Dude Geek vs. Lady Geek
I am a fangirl. Mostly of cult classics, 80s films, superheroes, obscure actors, one-hit-wonders, and bands popular in Australia. But I’m a fangirl about pretty much anything that catches my fancy.
Here’s a struggle I’ve had my whole life, and maybe it is just a “me” thing, but I feel like it’s something I’m seeing in the real world. All the stereotypical “dude” geeky things I like are socially acceptable, and all the stereotypical “lady” geeky things I like are frowned upon.
Even as a kid, I was treated cooler when I brought my Teenage Mutant Ninja Turtles to school for show and tell than when I brought my Barbie.
And stuff I classify as “dude” doesn’t mean that ladies can’t or don’t like it. It’s just the sci-fi/fantasy stuff that seems to be more populated by male geeks than lady geeks.
You may ask yourself, what is lady geek stuff? Well, I didn’t even realize that’s what it was until a blogpost I read from Shane Nickerson eons ago in which he talked about going to see a movie the same night that Sex and the City 2 opened. The ladies at the movie were all dressed up as their favorite characters and drinking the drinks from the movie, and Shane Nickerson was somewhat annoyed and put off by it until he realized that they were no different than the Star Wars fans who dressed up as Boba Fett to see to see that movie or as people who dressed up as Dr. Frankenfurter to see Rocky Horror Picture Show.
It was at the moment when he realized that the Sex and the City fans were geeking out in the same fashion that he geeked out about Star Wars, which gave me the same epiphany. They were just lady geeks.
But what I don’t understand – and I may be wrong – is that lady geeks are not looked at as the same way dude geeks are. Joss Whedon geeks are not treated the same way as Twilight geeks. (I’m sure there are crossover fans, but for the sake of this discussion, it’s easier if it’s more black and white.)

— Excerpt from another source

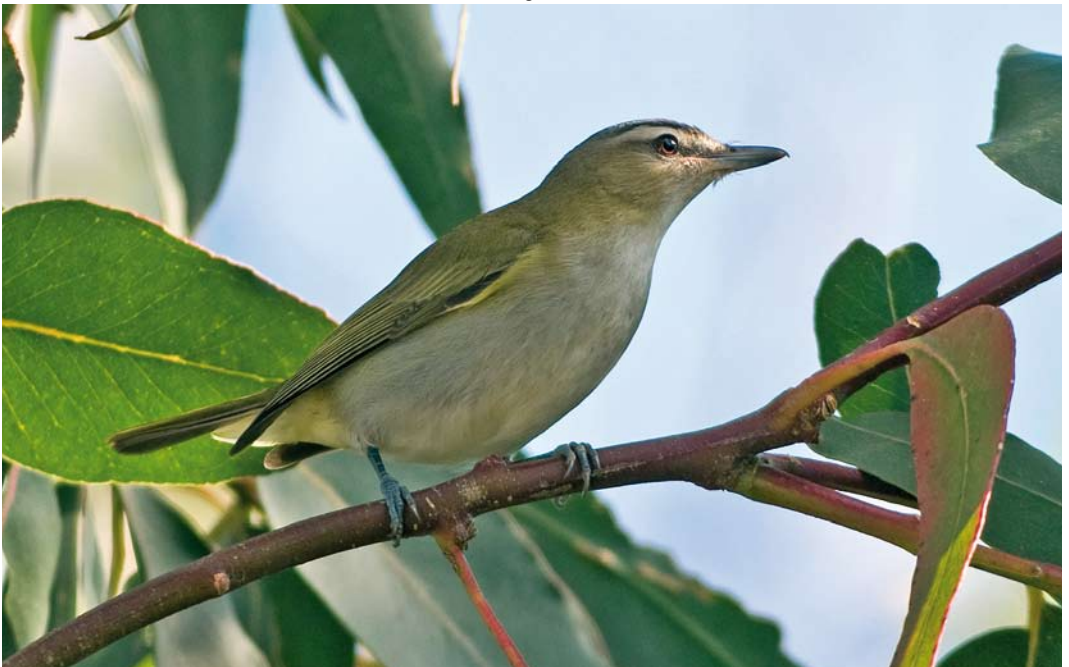
504 Red-eyed Vireo / Roodoogvireo Vireo olivaceus , St Mary's, Scilly, England, 11 October 2008

The argument for this is going to be it’s the quality of the work. Firefly is a better quality of work than Twilight. To which I say – as a fan of both – that’s that is debatable. And any geek can argue that the thing they’re geekiest about is of a higher quality than the thing you’re geekiest about (such as me arguing with Eric about Batman villians.)
I think if were to get a room of geeks together and have them make a food chain of what geeks would be on top and what would be on the bottom, there would be much arguing, but there would be almost a unanimous vote to put Twihards and Sex and the City fans on the bottom.
Why is this? Why is it so much more respectable to geek out over spaceships and a made up religion than vampires with undertones of a real religion? Is it because of the romance? Is romance inherently uncool?
Is that really it? Because The Lost Boys is cool, and that’s a different modern take on vampires. But I think that’s still a respectable thing to geek out about, even though there is some romance and two Corey’s. But the romance isn’t the main plot.
Is that what separates respect?
I’d really like to see people’s thoughts on this, but please don’t say stuff like “Because Twilight sucks” because that’s not the point. Lots of people could argue Star Wars sucks, and then it would just became a debate about what’s good and what’s not good, and that’s not what I’m talking about.
I am asking why is it cool and respectable to geek out over sci fi and JJ Abrams, but it’s not cool to geek out over romance and Stephanie Meyer.
Or maybe it’s all in my head, and it’s not cool to geek out over anything.